• **Dataset**
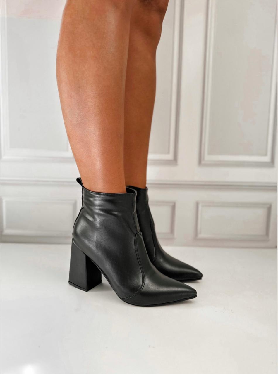Botitas de ecocuero con taco cuadrado.
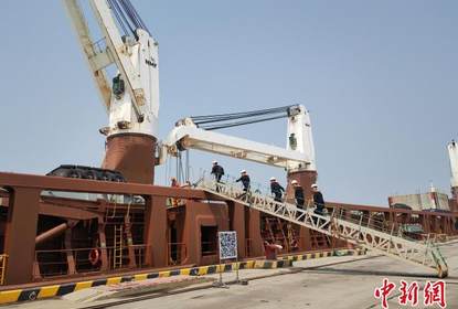 在浙江台州海关的监管下,两条由浙江合兴船厂建造的无动力驳...
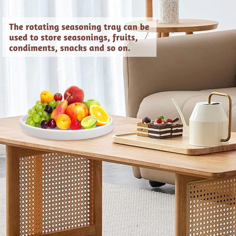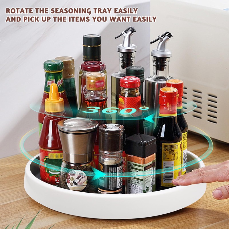 - 【Non-slip surface】: the non-slip wave point design on the surface of the turntable can help you fix the goods in the correct position to avoid collisions. The TPR tray surface keeps your bottles safe and deep when you turn the Lazy Susan turntable organiser. Anti-slip sticks at the bottom make this spice tray not easy to move. The outer edge prevents items from falling off.
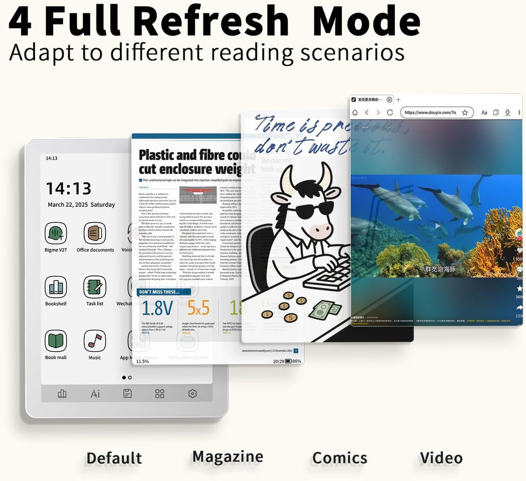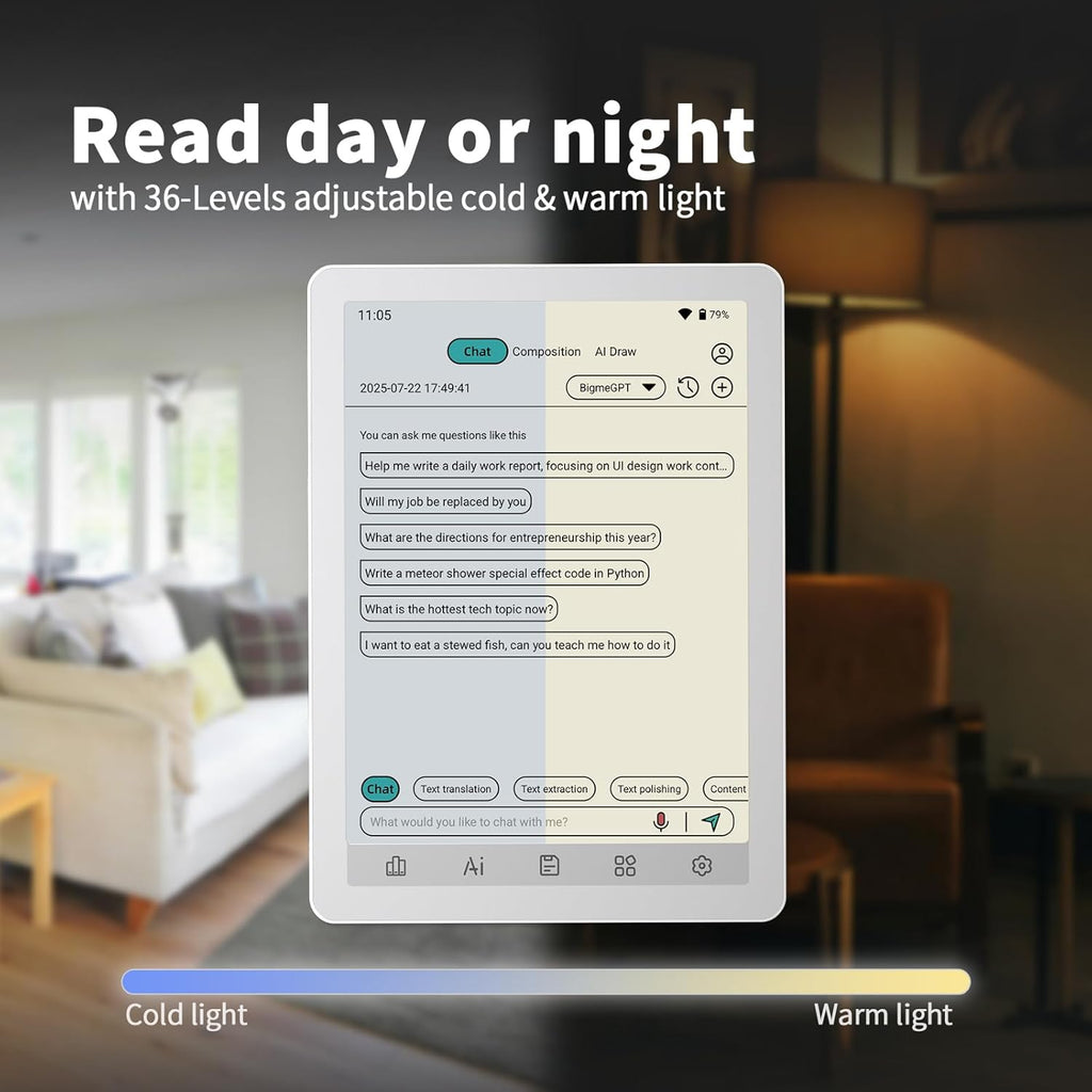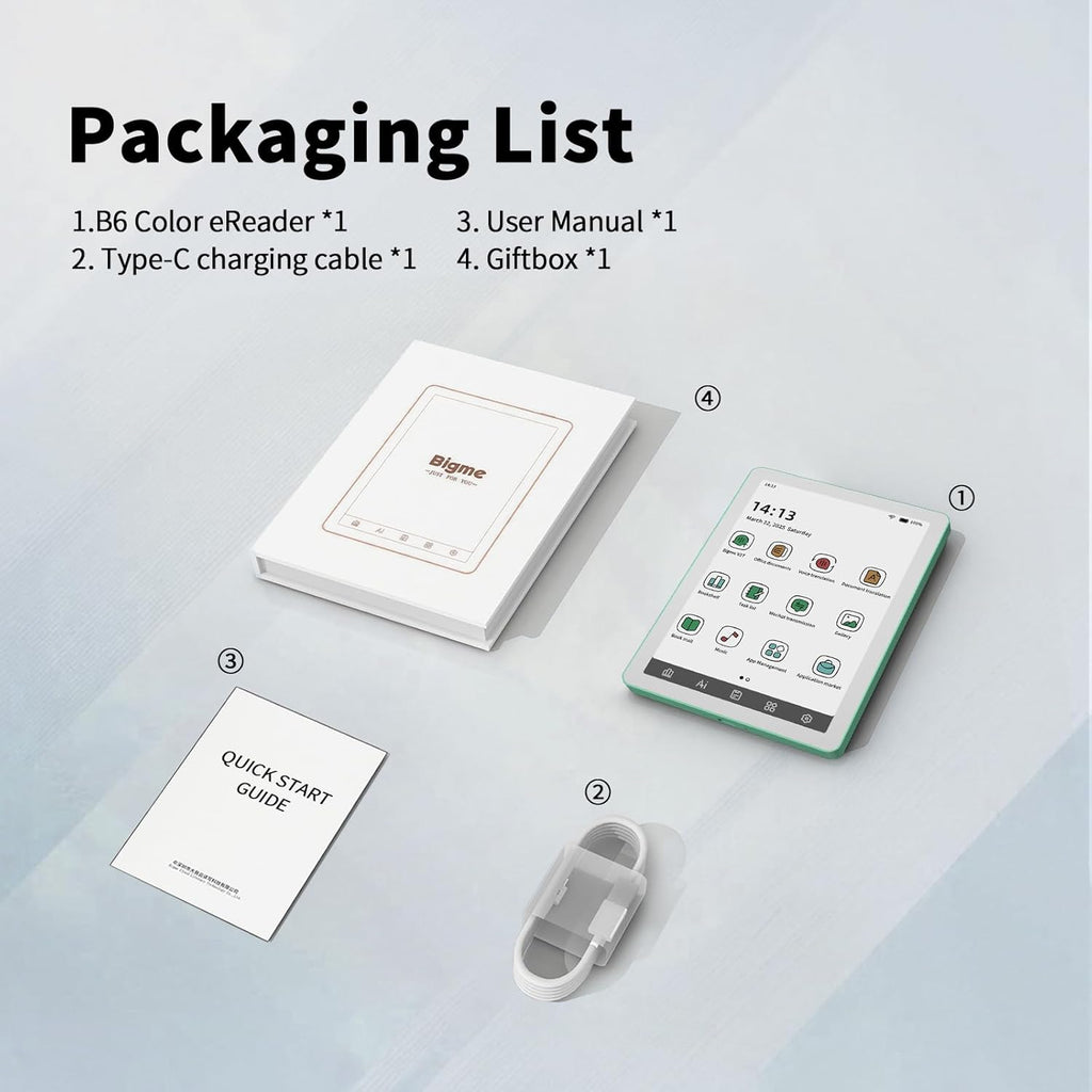 El Bigme B6 Color redefine la lectura portátil. Con un cuerpo ultra delgado de solo 6.98mm y sistema Android 14, este E-Reader te ofrece la libertad de una tablet con la comodidad visual del papel. Disfruta de textos nítidos y gráficos vibrantes dondequiera que vayas.
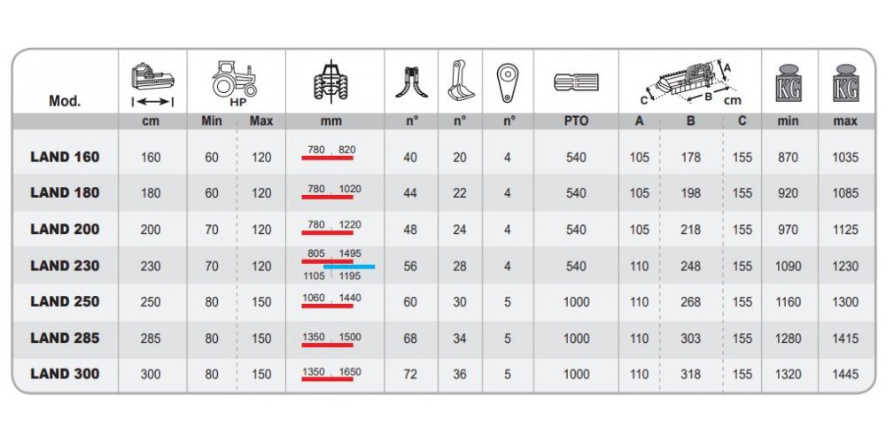 | Mod. | Munkaszélesség | HP min. | HP max. |
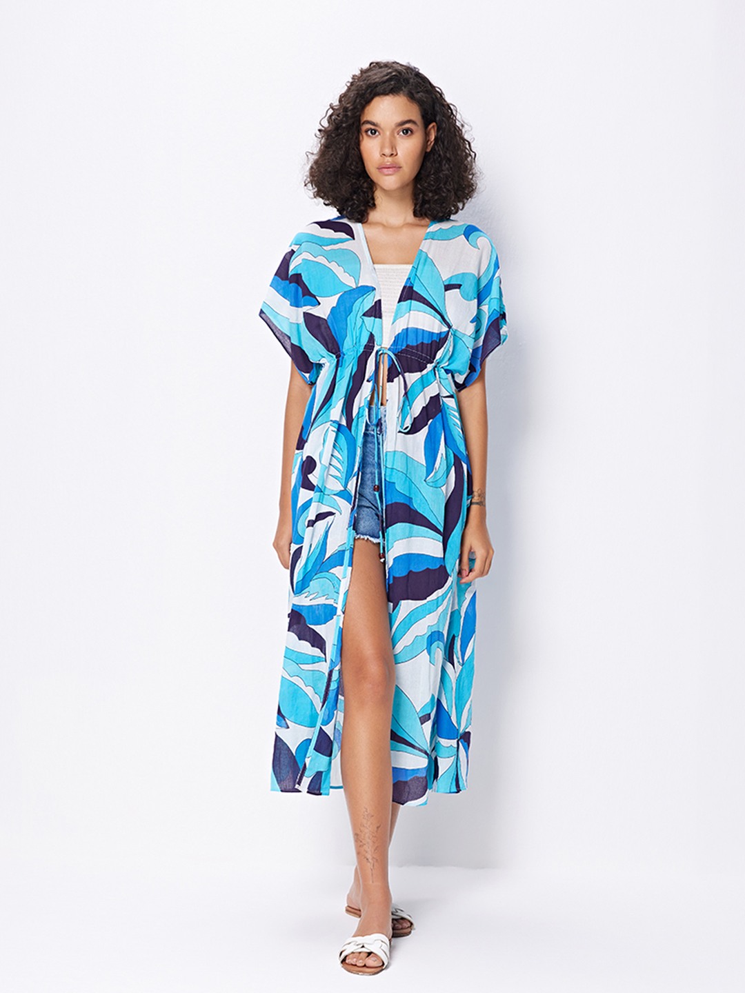Blue nautical print long kimono shrug
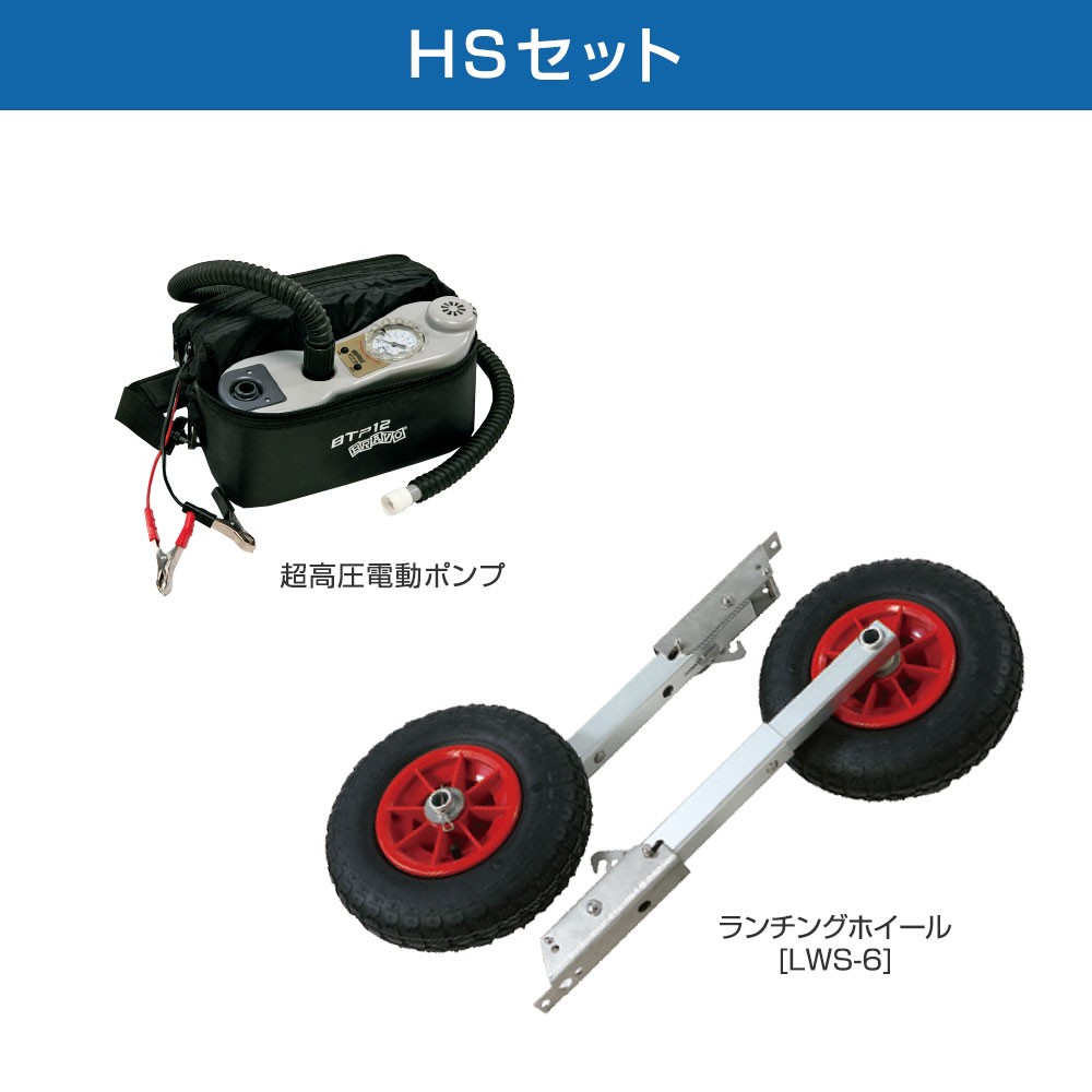 ■付属品:アルミオール、高圧フットポンプHP-9、腰掛板2枚、補修キット、キャリーバッグ、超高圧電動ポンプ、安全フラッグ
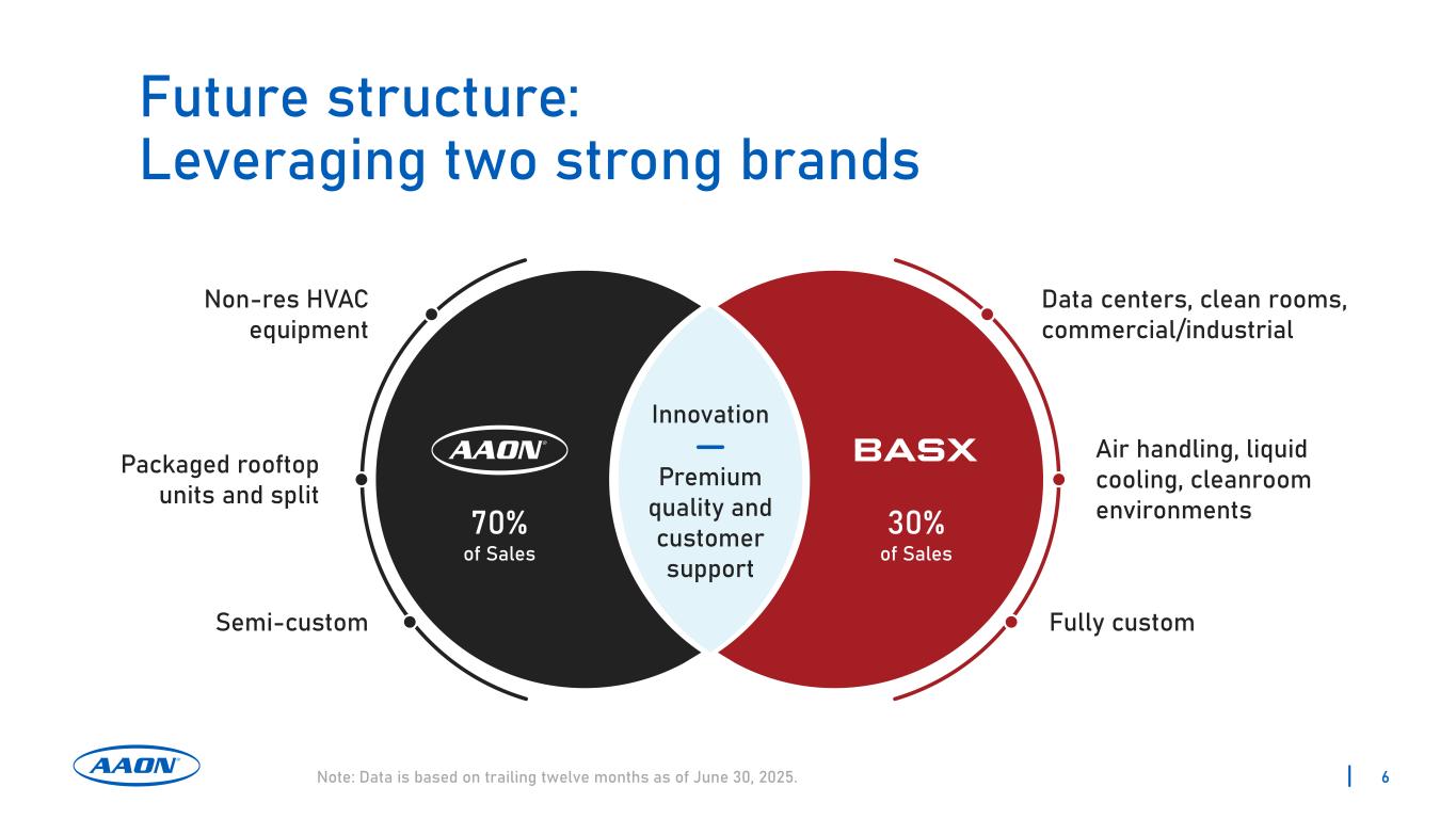 AAON: an overview 1 Adjusted for replacement purchase orders received in July related to administrative processing. Note: All data is based on trailing twelve months as of June 30, 2025. See Non-GAAP Financial Measures in Appendix. 5 �1.1B Order backlog1 28.7% Gross margin 18.1% EBITDA margin 22.5% CapEx and R&D as a percent of sales �1.47 EPS 11.9% ROIC Sales by branded productsBASX Sales by segment AAON Oklahoma AAON Coil Products AAON U.S. Sales by region International BASX

• **Task details**
Any picture in the listing above gets left out; output the rest exactly.

• **Response for this exercise**
Botitas de ecocuero con taco cuadrado.
 在浙江台州海关的监管下,两条由浙江合兴船厂建造的无动力驳...
 - 【Non-slip surface】: the non-slip wave point design on the surface of the turntable can help you fix the goods in the correct position to avoid collisions. The TPR tray surface keeps your bottles safe and deep when you turn the Lazy Susan turntable organiser. Anti-slip sticks at the bottom make this spice tray not easy to move. The outer edge prevents items from falling off.
 El Bigme B6 Color redefine la lectura portátil. Con un cuerpo ultra delgado de solo 6.98mm y sistema Android 14, este E-Reader te ofrece la libertad de una tablet con la comodidad visual del papel. Disfruta de textos nítidos y gráficos vibrantes dondequiera que vayas.
 | Mod. | Munkaszélesség | HP min. | HP max. |
Blue nautical print long kimono shrug
 ■付属品:アルミオール、高圧フットポンプHP-9、腰掛板2枚、補修キット、キャリーバッグ、超高圧電動ポンプ、安全フラッグ
 AAON: an overview 1 Adjusted for replacement purchase orders received in July related to administrative processing. Note: All data is based on trailing twelve months as of June 30, 2025. See Non-GAAP Financial Measures in Appendix. 5 �1.1B Order backlog1 28.7% Gross margin 18.1% EBITDA margin 22.5% CapEx and R&D as a percent of sales �1.47 EPS 11.9% ROIC Sales by branded productsBASX Sales by segment AAON Oklahoma AAON Coil Products AAON U.S. Sales by region International BASX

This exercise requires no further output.